Action	EventType	Payload Includes
Workflow state transition	STATE_TRANSITION	fromState, toState, workflowInstanceId, trigger
Module invocation (screening, risk, network)	MODULE_INVOCATION	moduleType, request payload, response payload, executionTimeMs, configVersion
Human decision (approve, reject, adjudicate)	DECISION	decisionType, actor, rationale, evidenceRefs, configVersion
Configuration change	CONFIG_CHANGE	configVersion, changedBy, changeSummary, oldValues, newValues
Sensitive data access	DATA_ACCESS	userId, accessedFields, customerId, ipAddress
Authentication	AUTH	userId, success/failure, ipAddress, reason (if failed)

Events are write-only. No UPDATE, no DELETE. Immutable from the moment of recording.

---

4. API Contracts

4.1 Record Event (Internal)

POST /api/v1/audit/events
Authorization: System

Request:
{
  "correlationId": "uuid",
  "eventType": "DECISION",
  "actorType": "USER",
  "actorId": "user-uuid",
  "contextType": "CASE",
  "contextId": "case-uuid",
  "action": "Onboarding decision: APPROVED",
  "payload": { "decisionType": "APPROVED", "rationale": "...", "configVersion": "1.0.3" }
}
Response 201: { "eventId": 14932 }

4.2 Replay Case (Auditor)

GET /api/v1/audit/replay?contextType=CASE&contextId={caseId}&from=2024-01-01&to=2025-06-01&page=1&limit=100
Authorization: Bearer <jwt> (AUDITOR role)

Response 200:
{
  "contextType": "CASE",
  "contextId": "case-uuid",
  "events": [
    { "eventId": 14200, "timestamp": "2025-06-01T10:00:00Z", "eventType": "STATE_TRANSITION", "action": "CREATED → ASSIGNED", "actor": "System" },
    { "eventId": 14201, "timestamp": "2025-06-01T10:05:00Z", "eventType": "MODULE_INVOCATION", "action": "Name Screening completed", "actor": "System" },
    { "eventId": 14250, "timestamp": "2025-06-01T13:00:00Z", "eventType": "DECISION", "action": "APPROVED", "actor": "Jane Doe (KYC Analyst)", "payload": { "rationale": "..." } }
  ],
  "summary": {
    "totalEvents": 52,
    "decisions": [{ "type": "APPROVED", "actor": "Jane Doe", "configVersion": "1.0.3" }],
    "moduleInvocations": 3,
    "stateTransitions": 8
  }
}

4.3 Export Audit Package

POST /api/v1/audit/export
Authorization: Bearer <jwt> (AUDITOR role)

Request: { "contextType": "CASE", "contextId": "uuid", "format": "PDF" }
Response 200: Binary PDF with full reconstruction.

---

5. Segregation of Duties

Enforced at the application layer:

Rule	Enforcement
Case creator ≠ approver	Checked on decision: if case.createdBy == requestingUser → 403 Forbidden
Analyst ≠ FCC reviewer for same case	Checked on review: if case.lastAnalyst == requestingUser → 403 Forbidden
Auditor = read-only	Role has no POST/PATCH/DELETE permissions on any domain endpoint
Override requires secondary approval	Override decision creates PENDING_REVIEW task for second approver

All SoD violations are logged as audit events with eventType=DECISION, action="SoD VIOLATION ATTEMPT", payload={actor, attemptedAction, blockedAt}.

---

6. Retention

• Active: 7 years from event timestamp (NFR-C01).
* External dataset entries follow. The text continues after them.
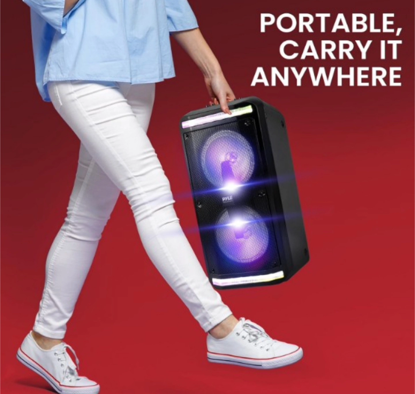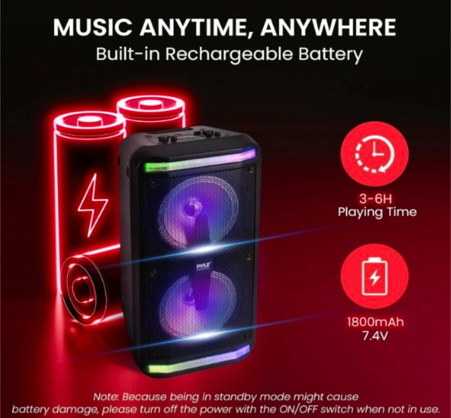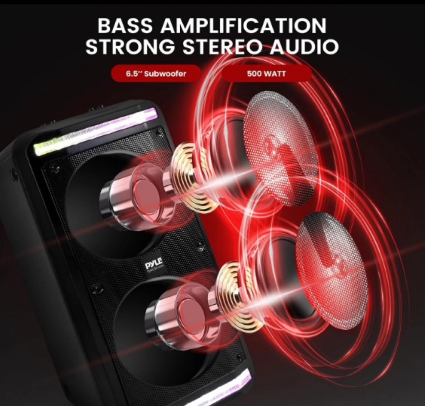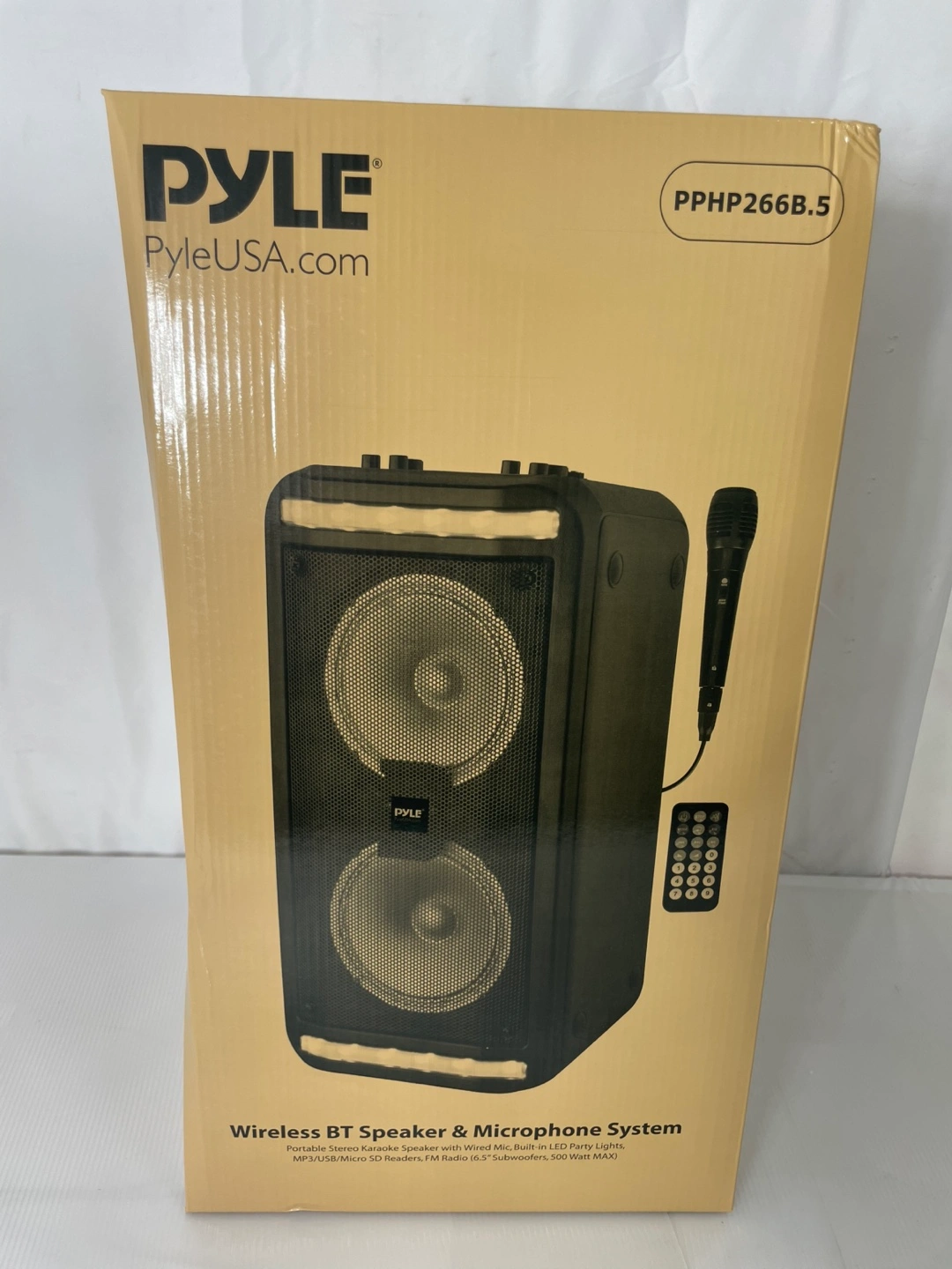 12Brand: Pyle Model: PPHP266B.5 Condition: New Open Box SKU: 0018 Pickup: Electric Deals 474 Queen St. West, Toronto, ON Monday to Friday 11:00 am - 7:00 pm Sat and Sunday 11:00 am - 5:00 pm About this item: 500 WATT POWER: This high powered wireless karaoke PA portable bluetooth speaker is equipped w/ dual 6.5" subwoofers with 500 watt peak power / 250W RMS at 3 ohm for full range surround stereo sound reproduction and impressive bass response COMPATIBLE WITH BLUETOOTH: The box type loud bluetooth speaker system is compatible w/ bluetooth for wireless audio streaming and works w/ devices like iPhone, Android mobile phone, iPad, tablet, PC Ideal for personal indoor home and outdoor use 5 INPUTS: Pyle bluetooth speaker karaoke Pyle PA speaker is equipped w/ USB flash drive port & micro SD card reader so it can serve as an MP3 player, 3.5mm AUX input, ¼" guitar input & ¼" microphone input. Includes wired microphone for home karaoke FLASHING DJ LIGHTS: The party speaker with microphone boombox features multi-color flashing LED lights that adds life to any occasion, great for parties/night gatherings when a colorful presence is noticeable. Also has FM radio w/ digital LCD display AUDIO RECORDER: The bluetooth speakers with lights for party has the ability to record vocals via mic, FM & bluetooth audio w/ easy one-button activation. Also features built-in rechargeable battery, convenient handle & top panel audio control center.
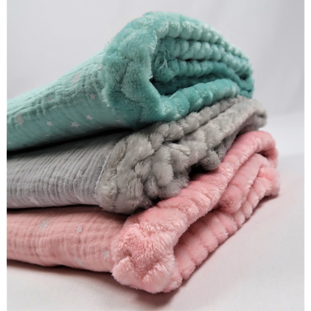 Teplučká jemná zimná deka do kočíka, z jednej strany 100% mušelinová bavlna a z druhej strany je jemný plyš. Dostupná vo viacerých farbách.
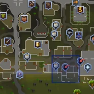 The Phoenix Gang has a hideout in the basement of a ruin in southern Varrock, and a weapons storage room on the first floor of a small building in the south-east sector of the town.
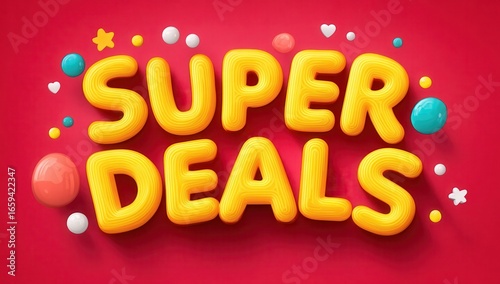 Colorful super deals text with vibrant font and playful background elements
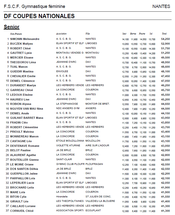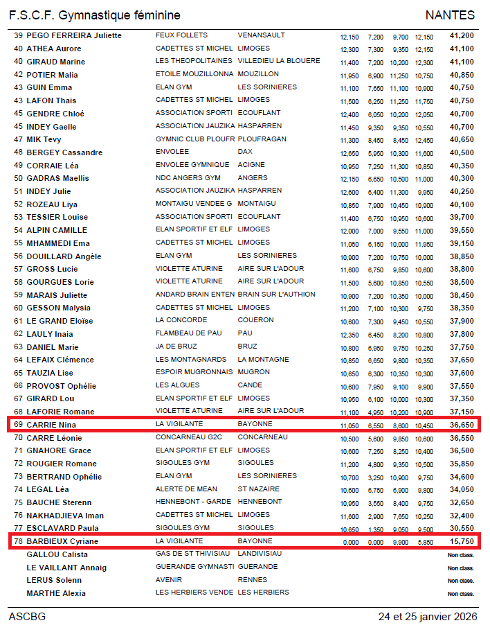 Suite à la qualification lors du 1er tour des Coupes Nationales, Alyxe, Inès, Louise, Cyriane et Nina ont participé ce samedi 24 janvier 2026 à la 1/2 fianles des Coupes Nationales à Nantes, accompagnées de leurs coachs Lola et Maxime.
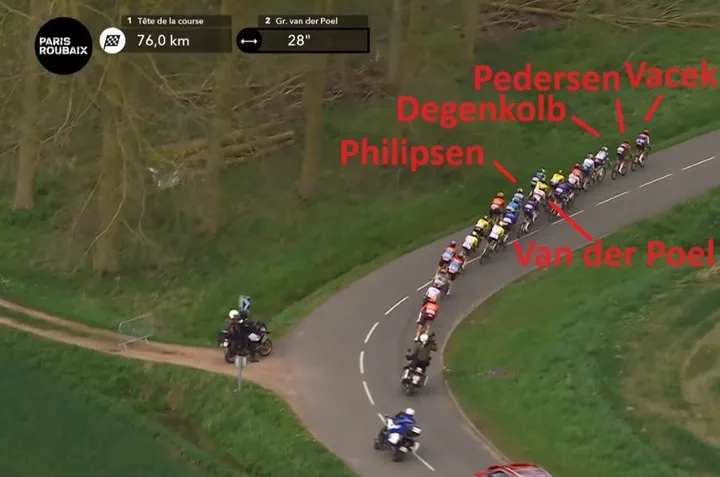 With a tailwind - which led to the speed record in Roubaix to be beaten once again - and strong riders up the road, the peloton could never let the gap grow too much. Pressure was constant. Lidl-Trek and Alpecin-Deceuninck kept the pace high behind, as Dries de Bondt and Dusan Rajovic later jumped across the gap - at a big cost. The scene was set.
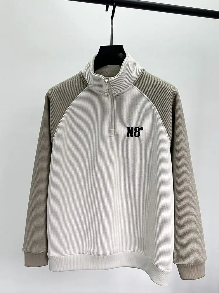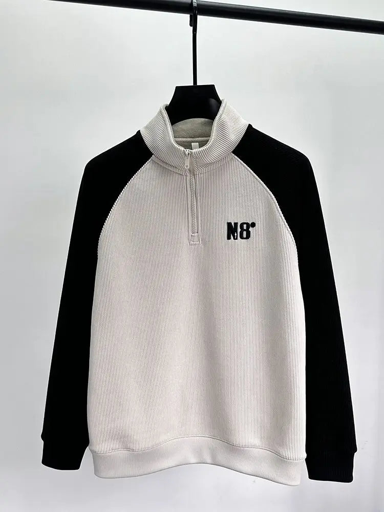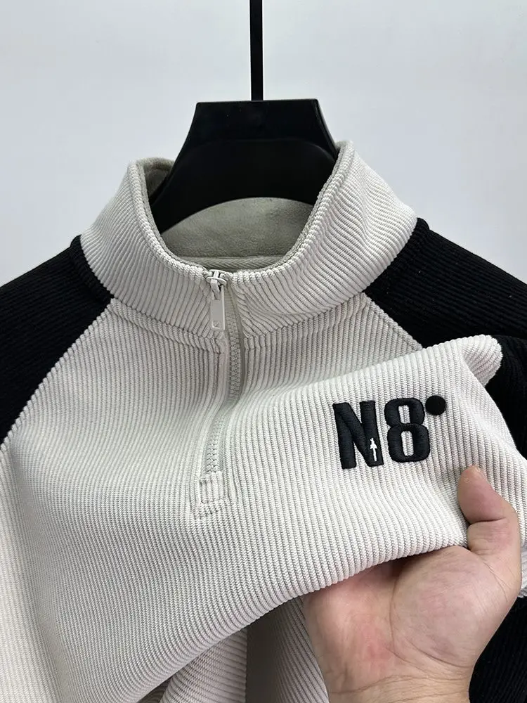 High-end Half-high Neck Zipper Sweatshirt Men's Velvet Thickened Trendy Color-blocking Raglan Sleeves Youth Long-sleeved T-shirt

Partitioned by month.
• Archived: After 7 years, partition detached and moved to cold storage. Retrievable within 30 days.
• Deletion: Never automatically deleted. Manual deletion requires break-glass procedure with dual approval.

---

Spec validated against PRD v1.0 requirements FR-AU-01 through FR-AU-03.